Hamilcar ne fut point jaloux des succès d'Hannon. Cependant il avait hâte d'en finir; il lui ordonna de se rabattre sur Tunis; et Hannon, au jour fixé, se trouva sous les murs de la ville.
Elle avait pour se défendre sa population d'autochtones, douze mille Mercenaires, puis tous les Mangeurs de choses immondes, car ils étaient comme Mâtho rivés à l'horizon de Carthage; et la plèbe et le Schalischim contemplaient de loin ses hautes murailles, en rêvant par derrière des jouissances infinies. Dans cet accord de haines, la résistance fut lestement organisée. On prit des outres pour faire des casques, on coupa tous les palmiers dans les jardins pour avoir des lances, on creusa des citernes; et quant aux vivres, ils pêchaient au bord du lac de gros poissons blancs, nourris de cadavres et d'immondices. Leurs remparts, maintenus en ruines par la jalousie de Carthage, étaient si faibles, que l'on pouvait, d'un coup d'épaule, les abattre. Mâtho en boucha les trous avec les pierres des maisons. C'était la dernière lutte; il n'espérait rien; cependant il se disait que la fortune était changeante.
Les Carthaginois, en approchant, remarquèrent, sur les remparts, un homme qui dépassait les créneaux de toute la ceinture.
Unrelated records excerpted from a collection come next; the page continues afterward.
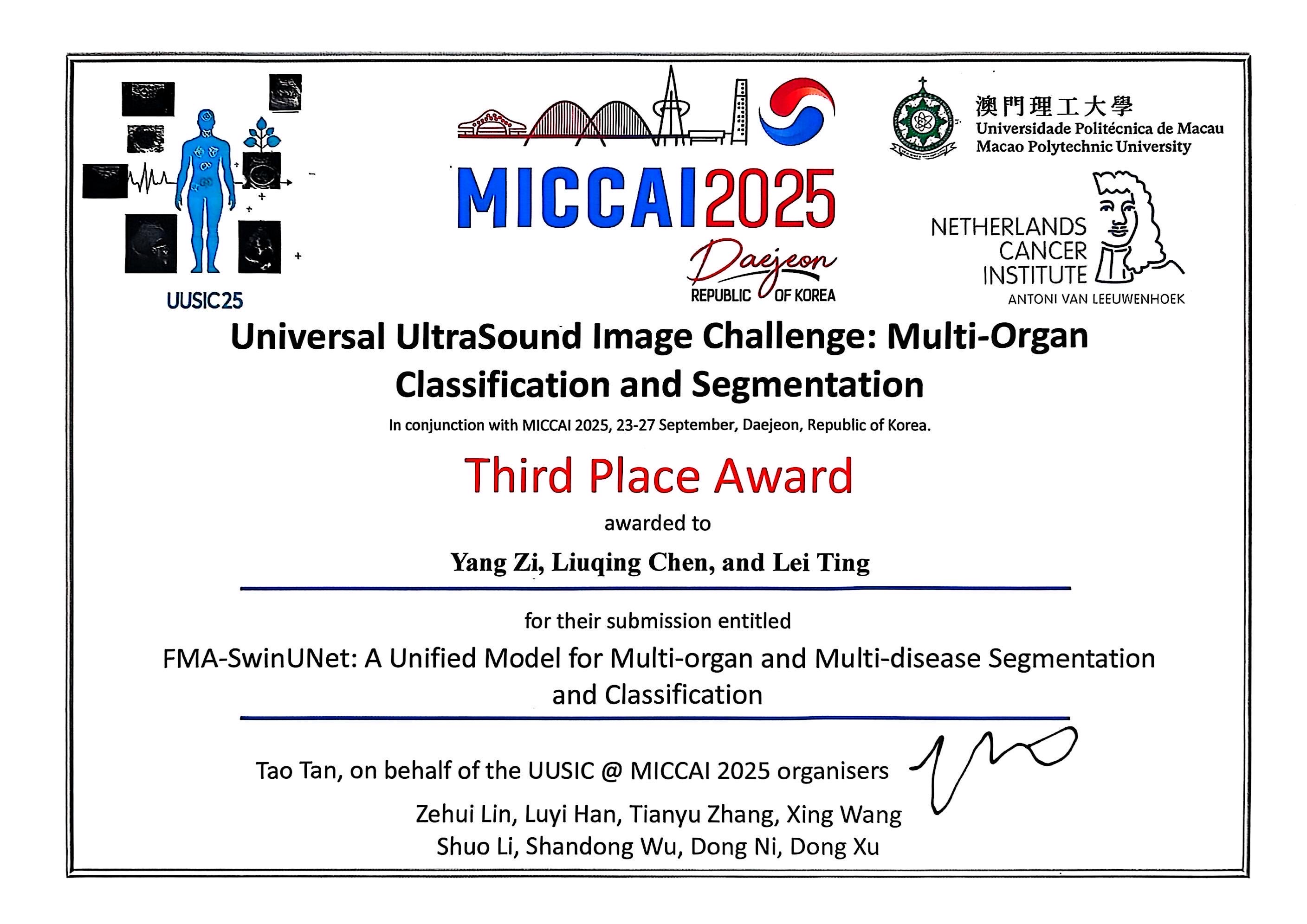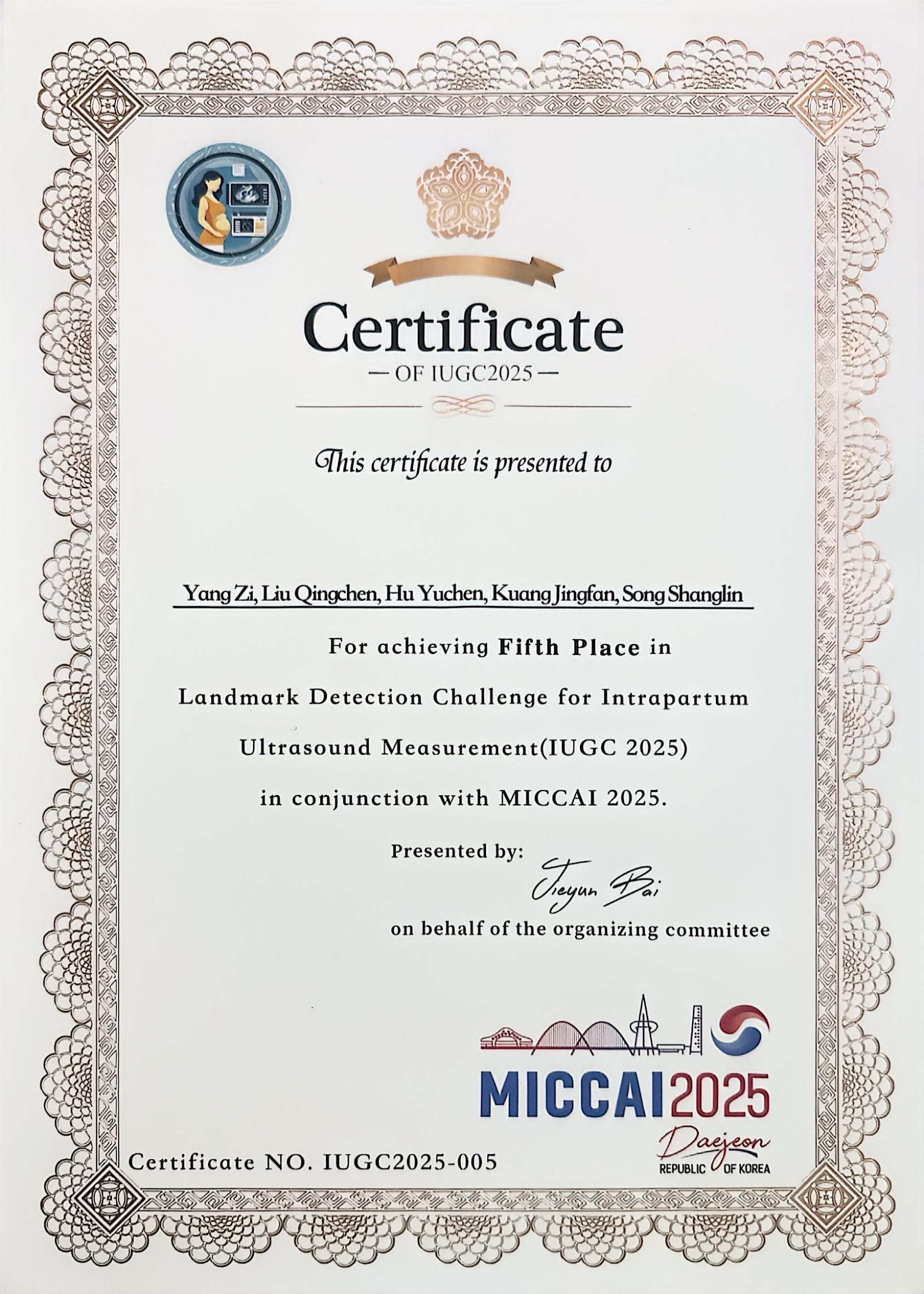 9月23日至27日,第28届国际医学影像计算与计算机辅助介入大会(MICCAI 2025)在韩国大田召开。兰大一院信息中心人工智能组组长杨子等表现突出,分别斩获“通用超声多器官多任务挑战赛(UUSIC)”第三名,“分娩期超声坐标回归任务(IUGC)”第五名的优异成绩。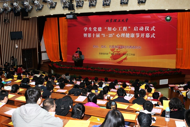 启动仪式上,杨海首先介绍了“知心工程”实施方案。他指出,在信息时代,网络给人们带来便利的同时,也拉开了人与人直接交流的距离,开展“知心工程”就是希望广大同学能够打开心扉,畅所人生与理想,营造积极向上的班风、学风,促进基层党建创新。各党支部要抓住机遇促进同学之间、党员之间、师生之间、党群之间的相互了解,充分发挥学生党员在学生中的辐射、示范作用,切实帮助广大同学们共同进步。随后,我校心理健康教育与咨询中心副主任李旭珊介绍了本次“5•25心理健康节”的活动安排。本次健康节以“我爱 爱我 成长”为主题,旨在促进学生自我发展与助人能力的提升,期望广大同学能相互关爱、互帮互助,共同携手度过美好的大学时光。围绕这个主题心理健康节策划了一系列的活动,包含心理论坛、各类团体辅导、展现大学宿舍生活的DV大赛、身心放松活动、心理读书会、电影沙龙、心理主题日等等丰富多彩的活动。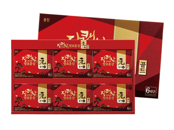 웅진식품에 따르면 '장쾌삼 활력원 골드'는 6년근 국산홍삼을 전근 발효시킨 홍삼 농축액과 추출액이 들어있어 홍삼의 향미를 진하게 느낄 수 있는 제품이다. 휴대가 간편한 파우치 타입으로 30포 1세트에 3만 원.

Les flèches volant autour de lui n'avaient pas l'air de plus l'effrayer qu'un essaim d'hirondelles. Aucune, par extraordinaire, ne le toucha.
Hamilcar établit son camp sur le côté méridional; Narr'Havas, à sa droite, occupait la plaine de Rhadès; Hannon le bord du lac; et les trois généraux devaient garder leur position respective pour attaquer l'enceinte tous en même temps.
Hamilcar voulut d'abord montrer aux Mercenaires qu'il les châtierait comme des esclaves. Il fit crucifier les dix ambassadeurs, les uns après les autres, sur un monticule, en face de la ville.
A ce spectacle, les assiégés abandonnèrent le rempart.
Mâtho s'était dit que s'il pouvait passer entre les murs et les tentes de Narr'Havas assez rapidement pour que les Numides n'eussent pas le temps de sortir, il tomberait sur les derrières de l'infanterie carthaginoise, qui se trouverait prise entre sa division et ceux de l'intérieur. Il s'élança dehors avec les vétérans.
Narr'Havas l'aperçut; il franchit la plage du lac et vint avertir Hannon d'expédier des hommes au secours d'Hamilcar. Croyait-il Barca trop faible pour résister aux Mercenaires? Était-ce une perfidie ou une sottise? Nul jamais ne put le savoir.
Hannon, par désir d'humilier son rival, ne balança pas. Il cria de sonner les trompettes, et toute son armée se précipita sur les Barbares. Ils se retournèrent et coururent droit aux Carthaginois; ils les renversaient, les écrasaient, sous leurs pieds, et, les refoulant ainsi, ils arrivèrent jusqu'à la tente d'Hannon, qui était alors au milieu de trente Carthaginois, les plus illustres des anciens.